▸ **Data segment**
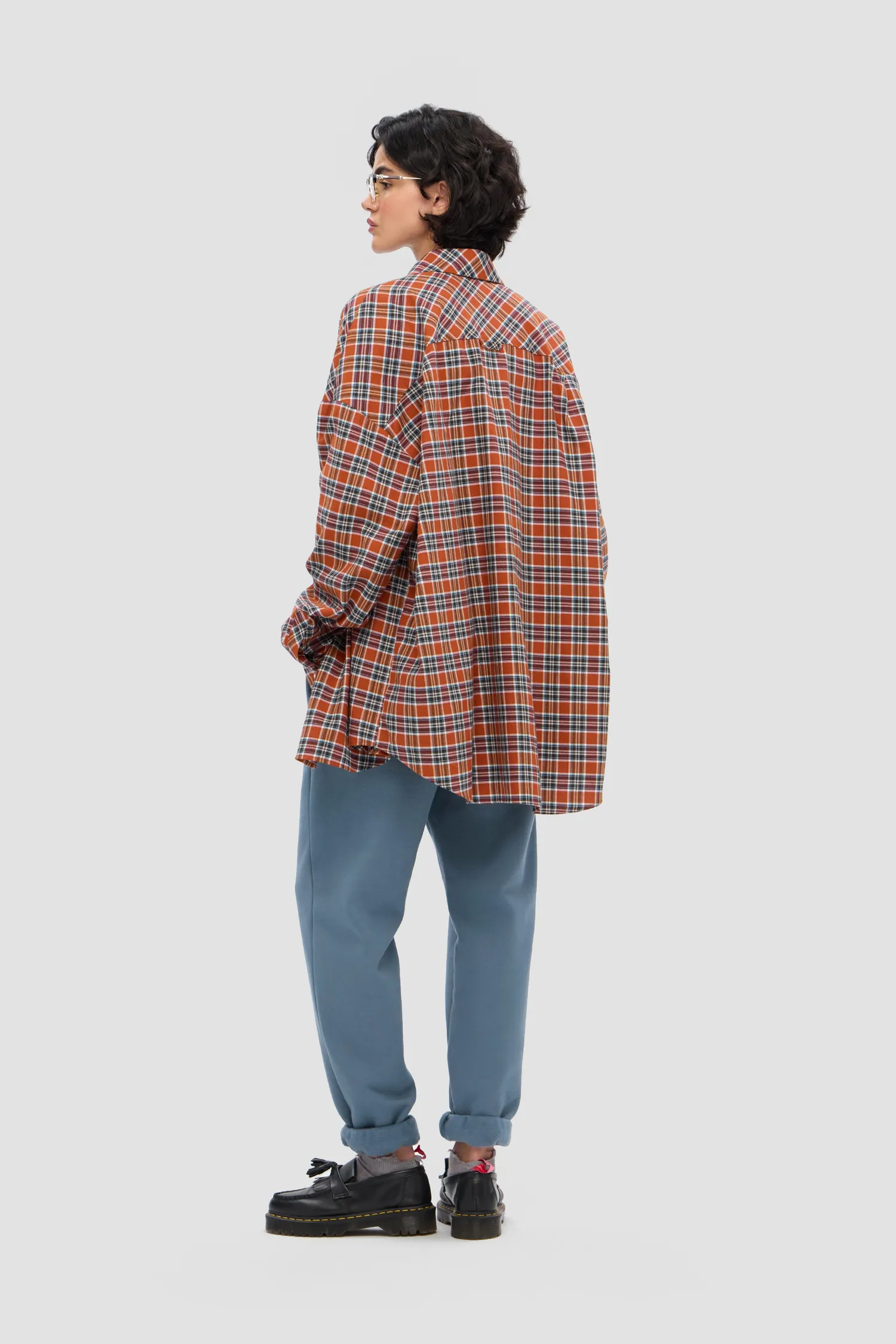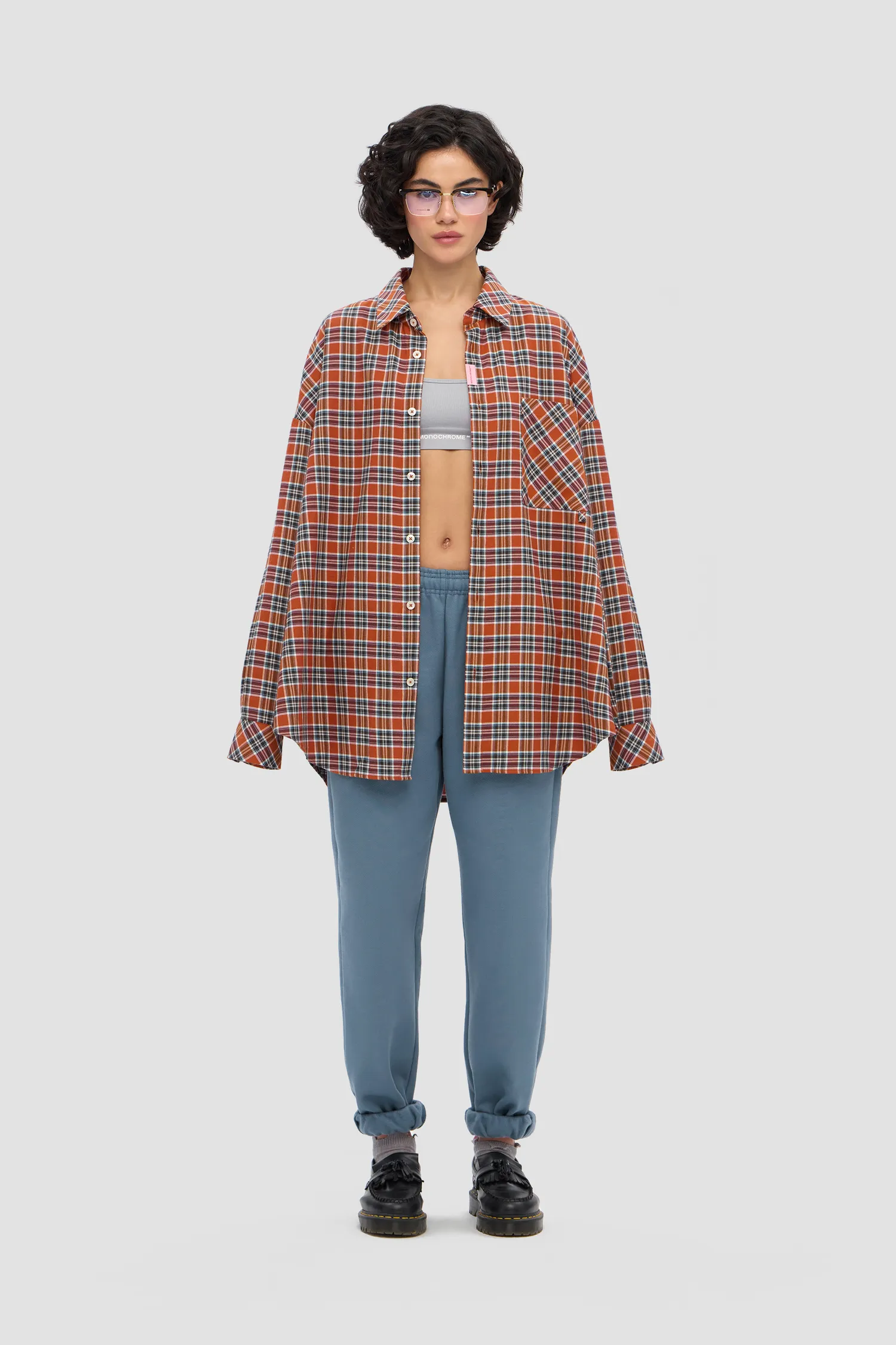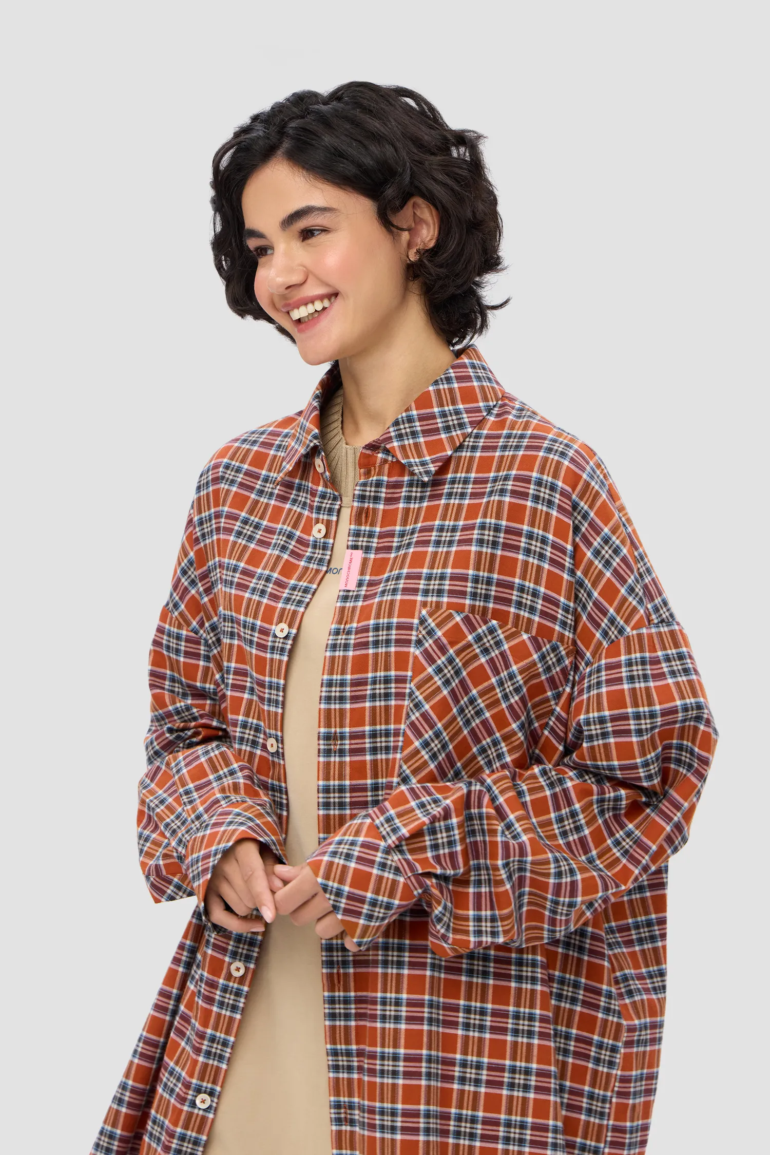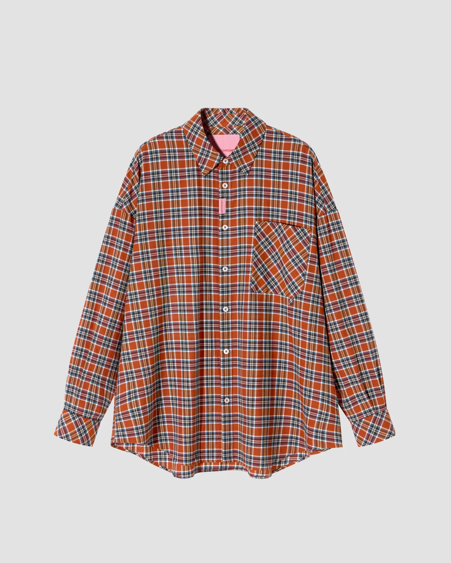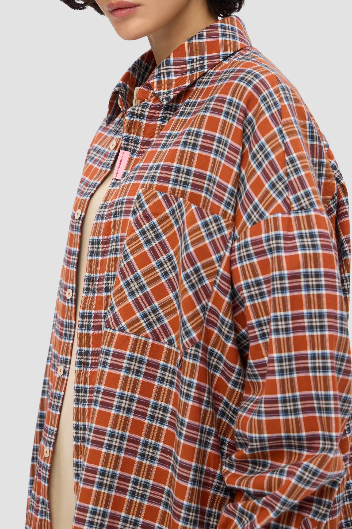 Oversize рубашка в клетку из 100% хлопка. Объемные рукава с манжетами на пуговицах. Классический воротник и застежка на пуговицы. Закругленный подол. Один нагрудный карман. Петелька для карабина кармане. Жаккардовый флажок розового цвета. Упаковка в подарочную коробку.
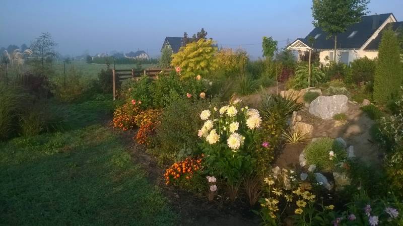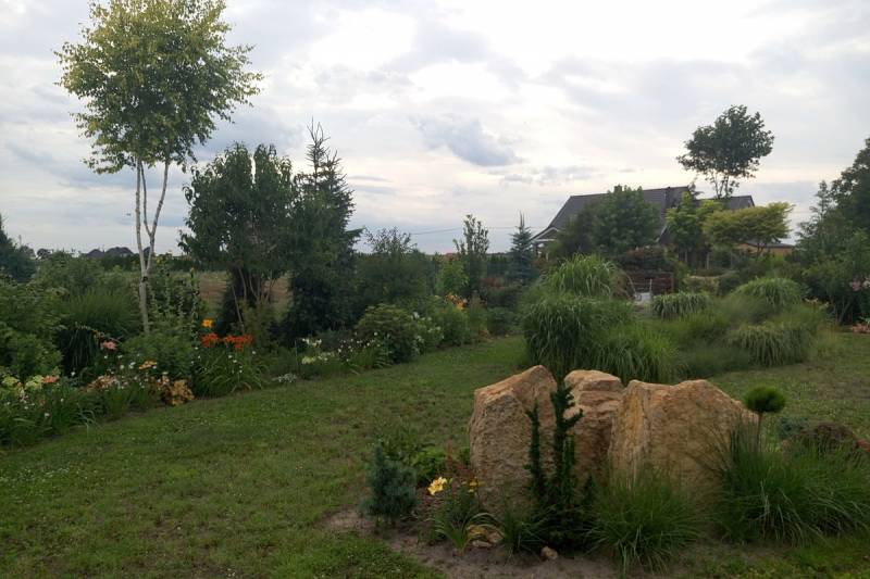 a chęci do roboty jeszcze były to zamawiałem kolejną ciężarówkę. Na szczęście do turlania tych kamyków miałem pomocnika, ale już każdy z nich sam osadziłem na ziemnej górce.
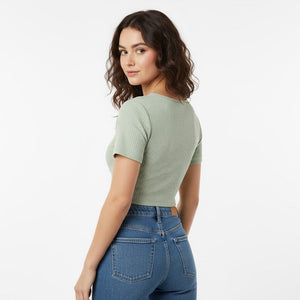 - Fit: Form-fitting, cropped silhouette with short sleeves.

▸ **Task brief**
Everything in the data above gets copied exactly. Only the pictures are skipped.

▸ **Output below**
 Oversize рубашка в клетку из 100% хлопка. Объемные рукава с манжетами на пуговицах. Классический воротник и застежка на пуговицы. Закругленный подол. Один нагрудный карман. Петелька для карабина кармане. Жаккардовый флажок розового цвета. Упаковка в подарочную коробку.
 a chęci do roboty jeszcze były to zamawiałem kolejną ciężarówkę. Na szczęście do turlania tych kamyków miałem pomocnika, ale już każdy z nich sam osadziłem na ziemnej górce.
 - Fit: Form-fitting, cropped silhouette with short sleeves.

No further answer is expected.